A Brief Note on Self-Promotion
In case you might not have noticed, I have a new book coming out next week.
It’s a nice thing to say, and to be able to tell people. “I have a new book coming out next week.” And, of course, you have to tell people, because (as it happens) people are the ones who buy books, and you want people to buy books if you are an author. Because, if nobody ever bought books (and we’re getting closer to this than anyone expects) no one would write books. Buying books makes authors happy, but buying books makes authors necessary.
I want you to buy my book (you know, the one that comes out next week). To do that, I have to let you know that the book exists, and that I wrote it. This requires what is somewhat euphemistically called “promotion” and should be known as “Hold still while I get you your credit card so you can buy my book, they’re soft restraints, they won’t hurt a bit unless you struggle, STOP DOING THAT.”
Promotion is bad. Promotion means commercials and advertising and propaganda and all sorts of bad things. Promotion is capitalism reduced to the level of a five-year-old whining child. “I want an Elsa doll, there’s a Toys R Us, can we go there now, please please, pretty please? Why not? IT’S NOT FAIR.” (Actual quotes, somewhat paraphrased, original in stereo.) Everyone, at some level, hates promotion, largely because we’re exposed to it so often and because it’s so prevalent, and (most of the time) because it’s so poorly done.
But there is, quite literally, no substitute for it. And, worse, when you’re an “author-publisher,” which is a euphemism for “self-published author,” which is basically saying “I wrote a book and no sane and reasonable person with the adequate expertise would agree to publish it, so I did it myself and SUCK IT, GATEKEEPERS,” then you have to do all of it yourself. This is called self-promotion.

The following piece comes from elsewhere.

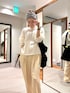 【167cmコメント】 ・ジャケット 本革ですが、そこまで重さはなく 素材も柔らかいです。 ゆったりとしているので、 ニットを中に着ていても腕周りもラクに着れます。 ・ニット 素肌の上に着ていますが、 チクチク感なく着心地も良いです。 ・パンツ ウエストのゴムは伸びるので、 窮屈感なく履きやすいです。 サラッとした素材でシワにもなりにくそうです。 私の体型だと38でちょうどよかったです。 何か気になることがあれば下記へ お気軽にお問合せください😊 岡本インスタ @ai_okmt14 URなんばCITY店 050-2017-9044

This is difficult. The famous Chuck Wendig piece on rejection says that dealing with the reality of rejection is like saying, “Eventually you’re going to have to fistfight a bear,” Dealing with the reality of self-promotion is like saying, “Eventually, you’re going to have to put on a floppy hat and big shoes and stand in the middle of Penn Station doing a Mexican hat dance while passerby pelt you with fruit.”
I don’t like doing self-promotion. I don’t like it because it’s intrusive and annoying and it primarily reaches out to one’s friends. I don’t like it because it’s usually ineffective. I don’t like doing it because (let’s face it) I am still somewhat, you know, embarrassed about self-publishing and having to do it and not being good enough to be published by traditional means. And I don’t like self-promotion because I am not good at it.
More than anything else, though, I don’t like self-promotion because I don’t want to do it. Not that I don’t think I’m too good to do it, or that I am so awesome that I don’t need to do it. I don’t enjoy it. It is like eating broccoli with cauliflower sauce. And no matter how much you do it–how many tweets you tweet, how many review requests you make–it isn’t enough. It isn’t ever enough.
So I’m not doing it here, not in this post. If you want to find the book, it isn’t hard. If you want to read it, I would appreciate it. If you can review it, or tell others, that’s wonderful. But I’m going to take a moment here to apologize for doing so much self-promotion, to promise not to be a jerk about doing it in the future, and to try to remind myself that my self-worth is not based on how many books I sell.